Pakaian paling formal untuk wanita yang sudah menikah adalah kimono lengan sempit di acara-acara seperti pernikahan. Wanita kesepian itu mengenakan kimono satu lengan yang menarik perhatian di acara-acara resmi. Lambang keluarga menghiasi punggung atas dan lengan. Lengan yang sempit melambangkan bahwa wanita yang memakainya sekarang sudah menikah. Kimono berlengan sempit ini menjadi resmi pada awal abad ke-20, menunjukkan bahwa tren ini terinspirasi oleh pakaian formal Barat.

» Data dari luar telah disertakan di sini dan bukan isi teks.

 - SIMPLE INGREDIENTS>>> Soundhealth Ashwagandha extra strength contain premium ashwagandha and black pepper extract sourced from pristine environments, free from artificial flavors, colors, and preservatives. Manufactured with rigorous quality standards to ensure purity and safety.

8. Budaya Jepang dan Seni Kontemporer Barat

Wanita dengan Kipas Angin, Gustav Klimt, 1918. / Foto: reddit.com
Wanita dengan Kipas Angin, Gustav Klimt, 1918. / Foto: reddit.com

Di antara banyak seniman lain, Gustav Klimt terpesona oleh budaya Jepang. Dia juga suka menggambar sosok wanita. Kedua karakteristik ini ditemukan dalam karyanya "Lady with a Fan". Bagaimana seni Jepang telah mempengaruhi seni Barat selama bertahun-tahun dapat dilihat di banyak pelukis Impresionis lainnya seperti Claude Monet, Edouard Manet, dan Pierre Bonnard.

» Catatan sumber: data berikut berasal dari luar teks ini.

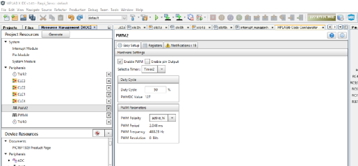 ・ 「Device Resources」のPWM2またはPWM4をダブルクリックして開いたダイヤログで設定する。(写真11)
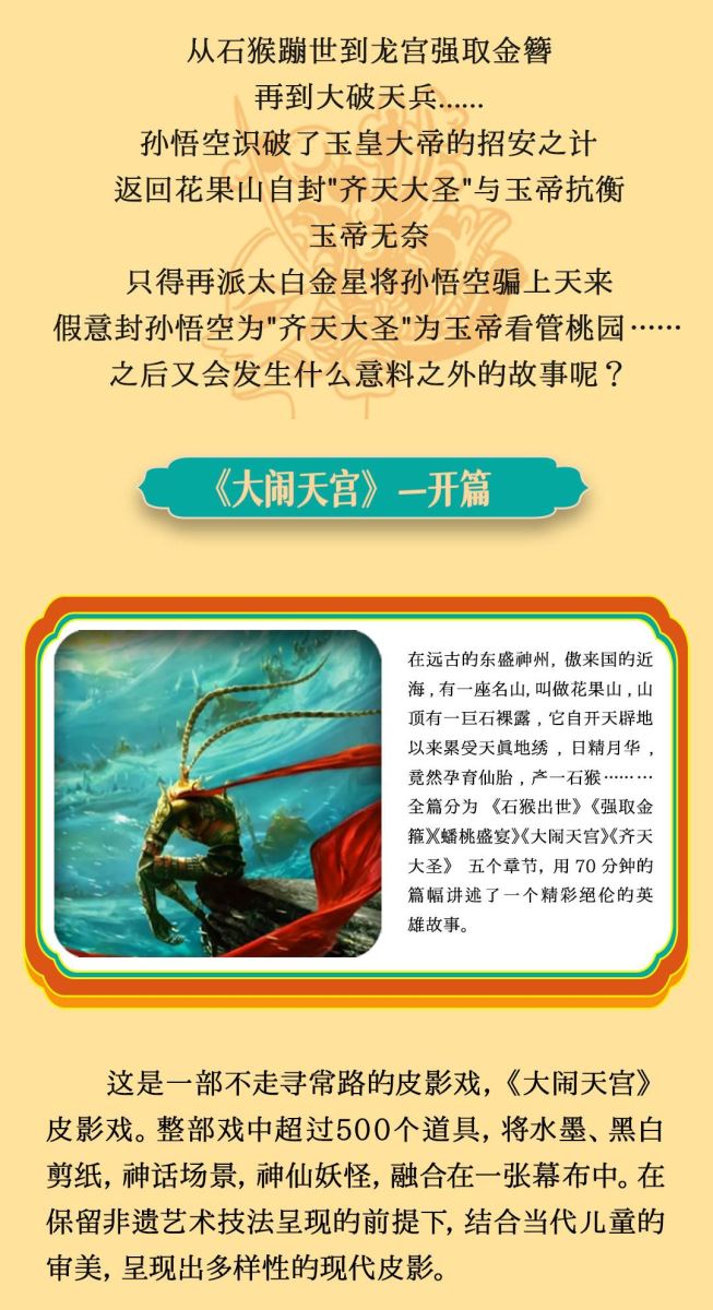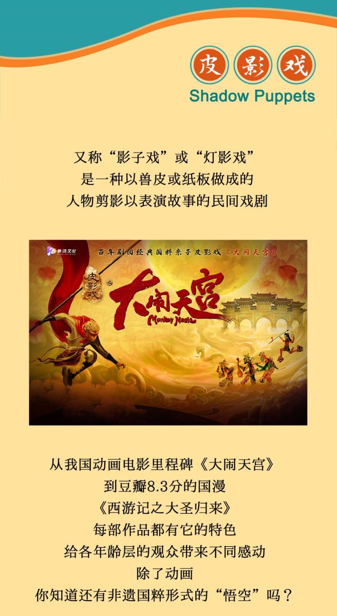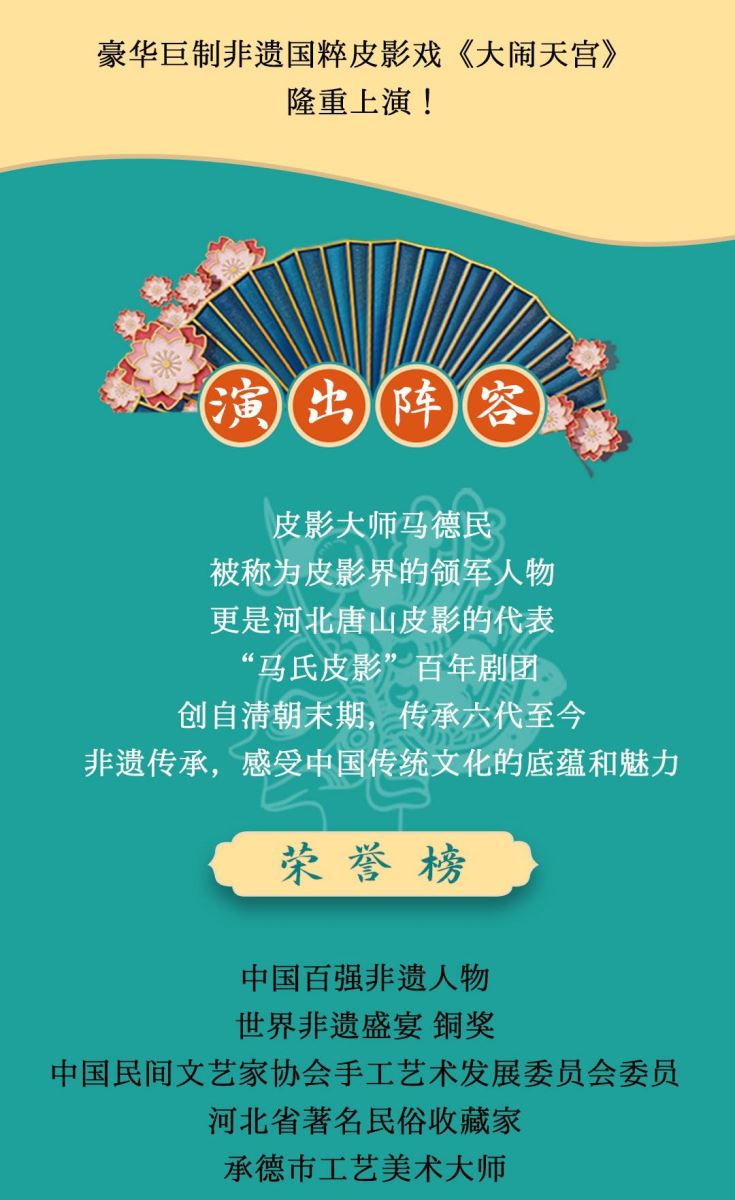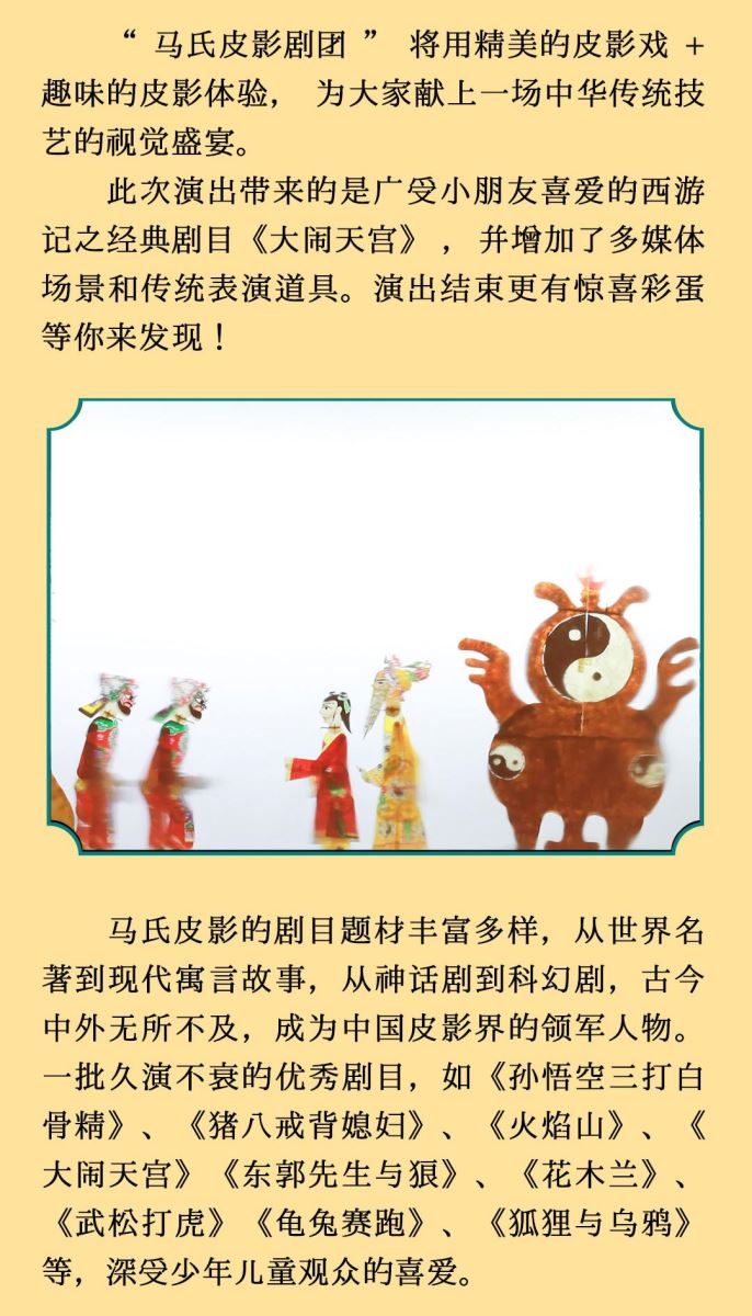 演出名称:“百年剧团”经典国粹亲子皮影戏《大闹天宫》

9. Kimono Jepang dari periode pasca perang hingga saat ini

Potongan Kayu, Utagawa Kunisada, 1847-1852 / Foto
Potongan Kayu, Utagawa Kunisada, 1847-1852 / Foto

Setelah Perang Dunia II, Jepang berhenti mengenakan kimono karena orang-orang mencoba membangun kembali kehidupan mereka. Mereka cenderung memakai pakaian gaya Barat daripada kimono, yang berkembang menjadi kostum yang dikodifikasi. Orang-orang mengenakan kimono untuk acara-acara yang menandai berbagai tahap kehidupan. Di pesta pernikahan, masih cukup populer untuk memakai kimono putih untuk upacara dan dicat mewah untuk perayaan nanti.

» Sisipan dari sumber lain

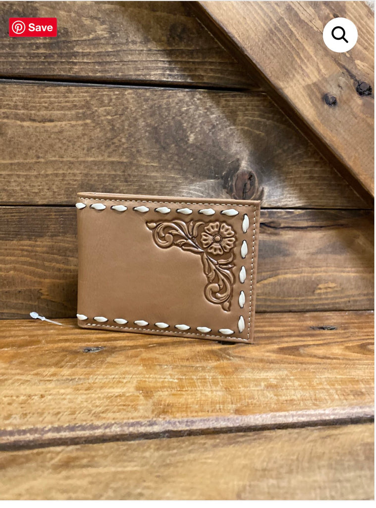 Sleek wallet made from top grain leather with a slim design. Buck stitch edging around the front of the wallet with a tooled floral design taking up the top right corner. Smooth leather back matching the front in leather with a basic stitch pattern.
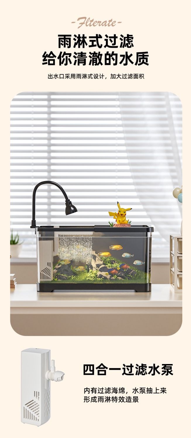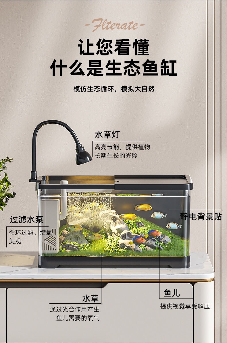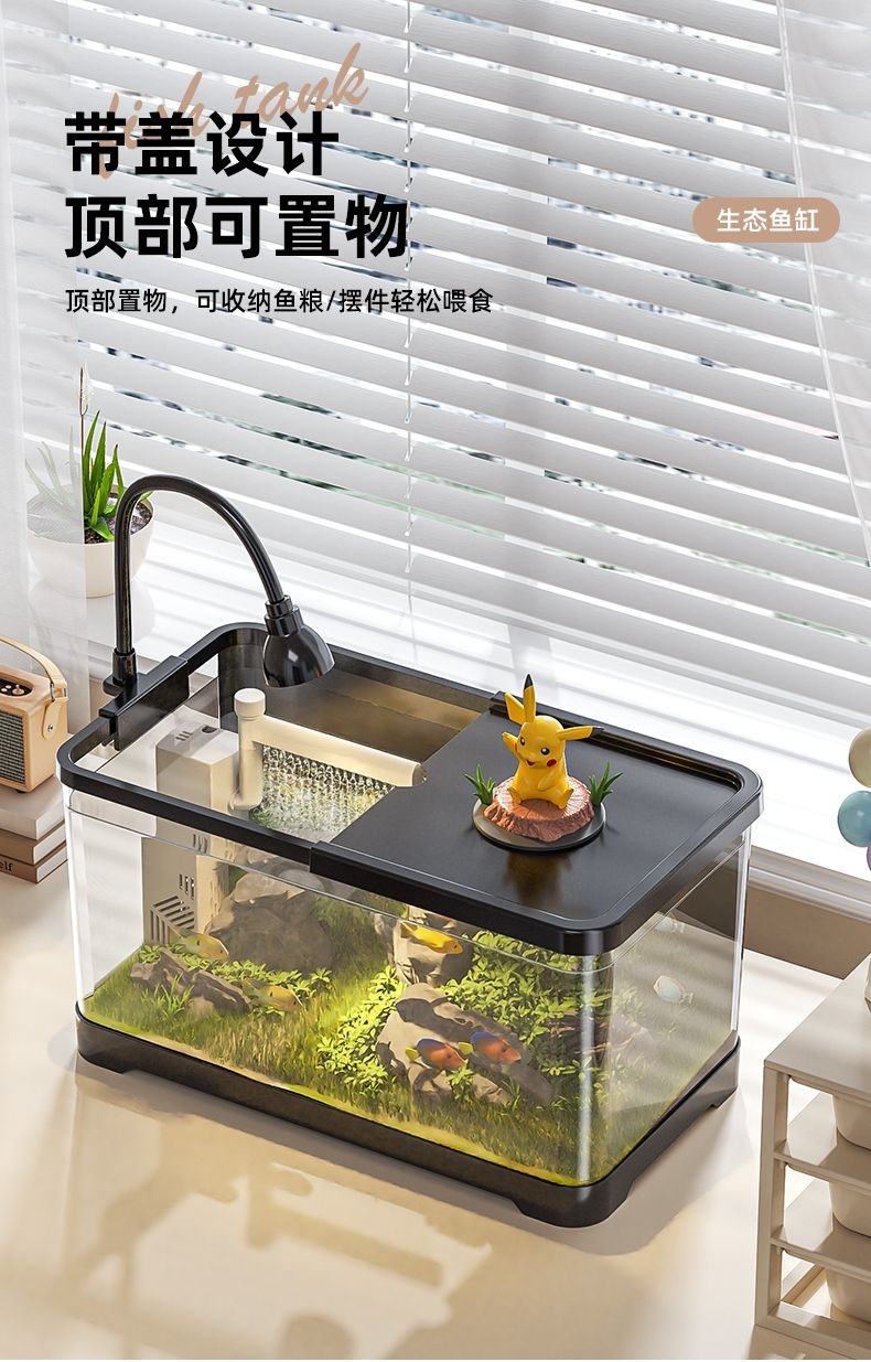 수조 수족관 생태 데스크탑 금붕어 탱크 플라스틱 투명 작은 거실 산소 필터 물 교체가 없는 가정용 탱크스토어 가기
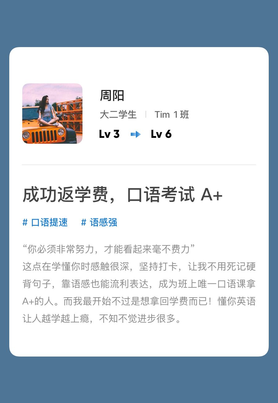 成年人的突然优秀,都是深谋远虑后的正常发挥而已。 是时候为未来发展多做些打算了,现在加入懂你英语学习,半年后你也能自信说英语,对好机会说 I can.
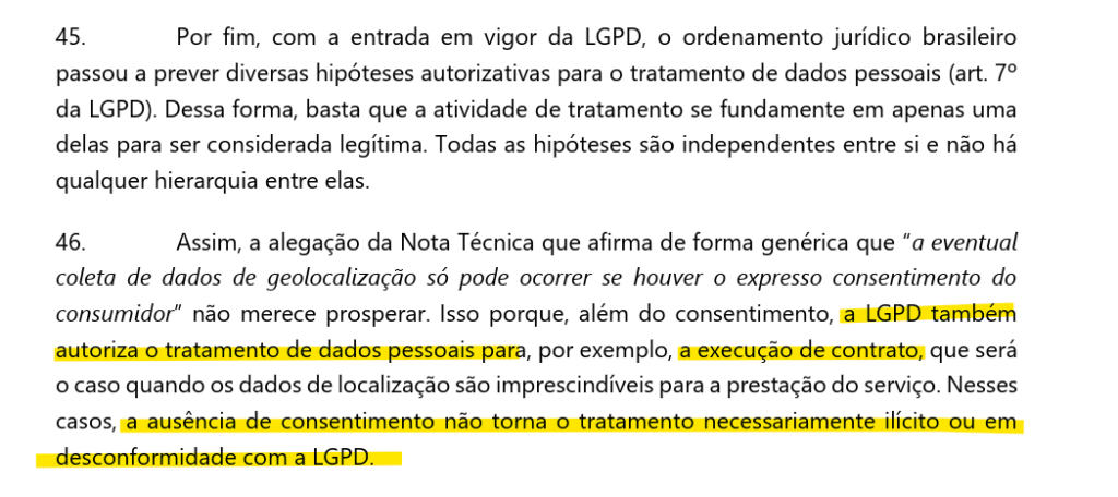 Em novembro de 2022 a então coordenadora-geral de Consultoria Técnica e Sanções Administrativas da Senacon, Carolina Araújo de Andrade, concluiu que “a eventual coleta de dados de geolocalização só pode ocorrer se houver o expresso consentimento do consumidor, o que não restou demonstrado nestes autos”.

Angela Lindwall dalam kimono John Galliano, koleksi Musim Semi / Musim Panas 2007. / Foto: archidom.ru
Angela Lindwall dalam kimono John Galliano, koleksi Musim Semi / Musim Panas 2007. / Foto: archidom.ru

Selama pendudukan Sekutu setelah Perang Dunia II, budaya Jepang menjadi semakin Amerikanisasi. Hal ini membuat khawatir pemerintah Jepang, yang khawatir metode sejarah akan mulai menurun. Pada 1950-an, mereka mengesahkan berbagai undang-undang yang masih melindungi nilai-nilai budaya mereka, seperti teknik menenun dan mewarnai khusus. Kimono, yang dikenakan oleh wanita, terutama wanita muda, dengan perhiasan mewah, telah disimpan di museum dan koleksi pribadi.

Dan di artikel selanjutnya, baca juga tentang yang merupakan alasan utama hilangnya samurai.